When Microsoft updated its statistical functions, they did not remove the originals. They just added new versions with dotted names alongside the old ones. So now you have STDEV and STDEV.S living next to each other, doing almost the same thing but not quite. Same with RANK and RANK.EQ. PERCENTILE and PERCENTILE.INC. The old versions still work, which means Excel gives you zero indication that you might be using a legacy function.
Think of it like having two GPS apps on your phone. Both get you somewhere. One is three years out of date. Your phone does not flag which is which.
From this point on in this lesson, we use only the modern dotted versions: STDEV.S, STDEV.P, RANK.EQ, RANK.AVG, PERCENTILE.INC, PERCENTILE.EXC. If you are working from old files that use the legacy names, the results will likely be the same, but it is worth updating them for precision.
⚠️ COMMON MISTAKE
Using STDEV without knowing it defaults to sample-based logic. If your data represents a full population rather than a subset, switch to STDEV.P. The difference seems small, but in formal analysis it matters — and Excel will never warn you that you are using the wrong one.
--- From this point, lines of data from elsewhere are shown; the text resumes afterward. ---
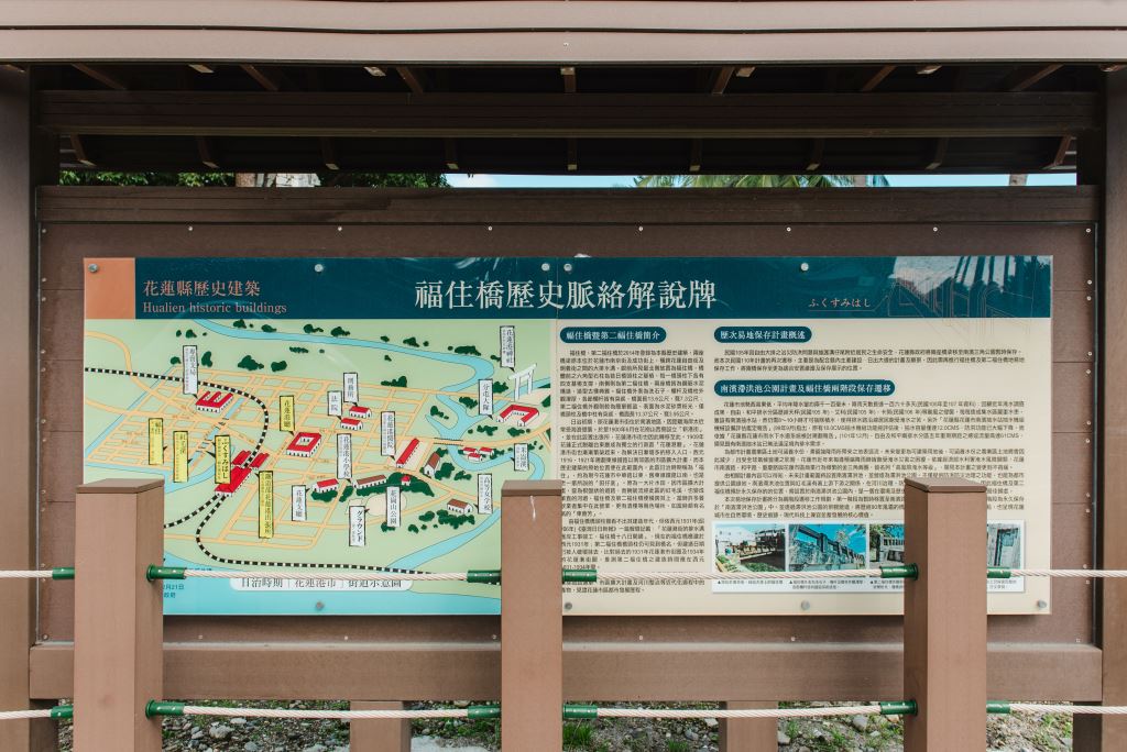 福住橋暨第二福住橋橋頭根據昭和6年(1931)《臺灣日日新報》中記載:「花港街的排水護岸工事竣工,福住橋十八日開通」。由此可知福住橋建於昭和6年(1931),雖然橋頭的橋名及竣工日期被人以水泥抹去,不過仍留下部分的字形留存,在福住二號橋的橋頭北側橋頭柱上留下完整的「第二ふくすみはし」日文草寫,相當地美觀,另外還可見竣工日期殘跡。現在溝仔尾人不多,這兩座古老的橋樑除了偶爾會吸引一些好古的人訪求之外,大多數的時間就是安靜的佇立,見證著往日此地─福住通的繁華。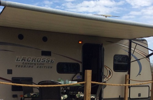 Our beautifully remodeled RV is located on a quiet property with 400ft of waterfront for great fishing (follow parks and wildlife requirements). Minimum rental is one week, we'd prefer 2 people maximum. (Will discuss on a case to case basis.)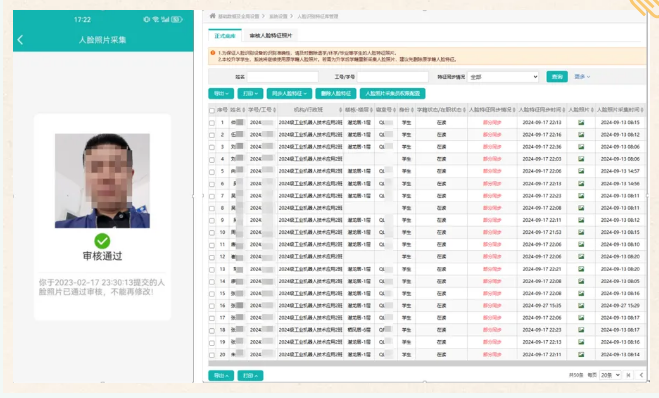 ▲師生App自助采集人臉和人臉特征庫數(shù)據(jù)列表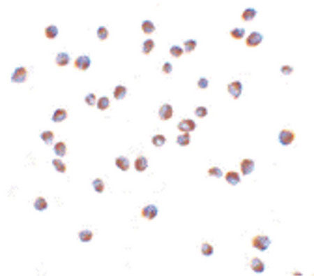 Immunocytochemistry of NOD2 in Jurkat cells with NOD2 antibody at 5 ug/ml.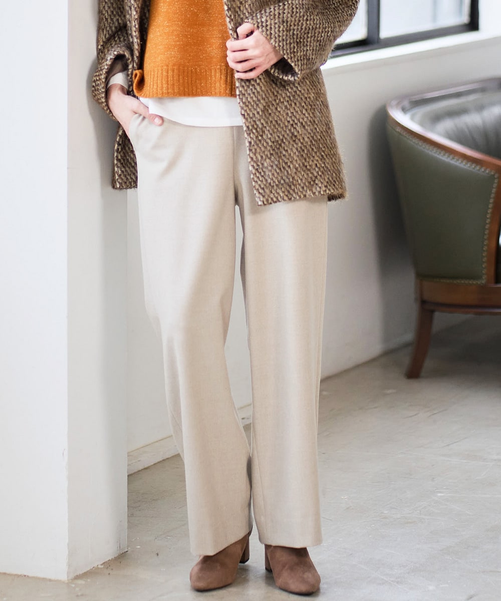 ウエストゴムセミワイドパンツは、ウール調の温かみと楽な穿き心地が魅力で、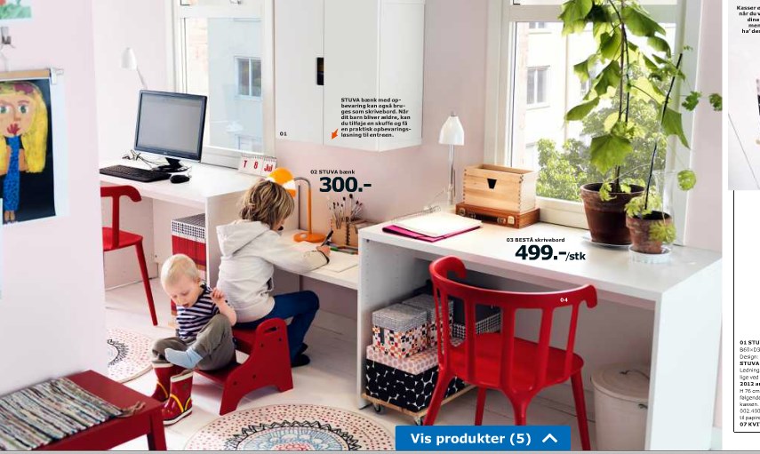 Nu har jeg ikke børn endnu, men når vi får er planen er at vi købe den lille bænk som vist her på billedet og sætte mellem vores skriveborde.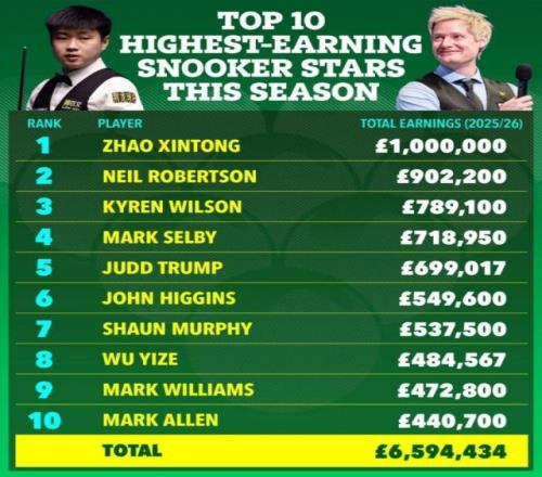 2025/26赛季斯诺克奖金收入排行榜:赵心童100万英镑位列第一

AVERAGE adds everything up and divides by the count. Simple. Also unreliable the moment you have outliers. One executive salary in a dataset of 150 employees can drag the average up by thousands and make the typical salary look much higher than it actually is.
MEDIAN returns the middle value. It does not care about extremes. For most real-world business data, MEDIAN tells the more honest story. Use AVERAGE on clean, symmetrical data with no significant outliers. Use MEDIAN when you know or suspect skew.
MODE.SNGL returns the single most frequently occurring value. MODE.MULT returns all values that tie for most frequent — but it must be entered as an array formula, and if there are no repeating values at all, MODE.SNGL throws a NUM error. Worth checking before you build anything that depends on it.
Use MODE when frequency of occurrence is the actual insight you need, not the mathematical average.
STDEV.S is for samples. A sample is a subset of a larger group. If you surveyed 200 customers out of a total customer base of 50,000, your 200 responses are a sample. STDEV.S applies Bessel’s correction, which slightly increases the result to compensate for a sample underestimating how spread out the full population really is.
STDEV.P is for populations. A population means every single member of the group you are measuring. If you have every sales figure for every day of the year and want to describe the spread of that specific year, that is a population. No correction needed.
Syntax
=STDEV.S(number1, [number2], …)
=STDEV.P(number1, [number2], …)
Advertisement-X
=VAR.S(number1, [number2], …)
=VAR.P(number1, [number2], …)
VAR.S and VAR.P follow the same sample versus population logic but return variance instead of standard deviation. Variance is standard deviation squared. Standard deviation is almost always easier to report because it lives in the same unit as your original data. Variance is more useful when you are feeding results into further statistical calculations.
💡 PRO TIP
Want to flag outliers automatically? Add a helper column with this formula: =(A2-AVERAGE($A$2:$A$31))/STDEV.S($A$2:$A$31). Any result above 2 or below -2 is more than two standard deviations from the mean. That is your outlier threshold. Colour-code it with conditional formatting and you have a live anomaly detector.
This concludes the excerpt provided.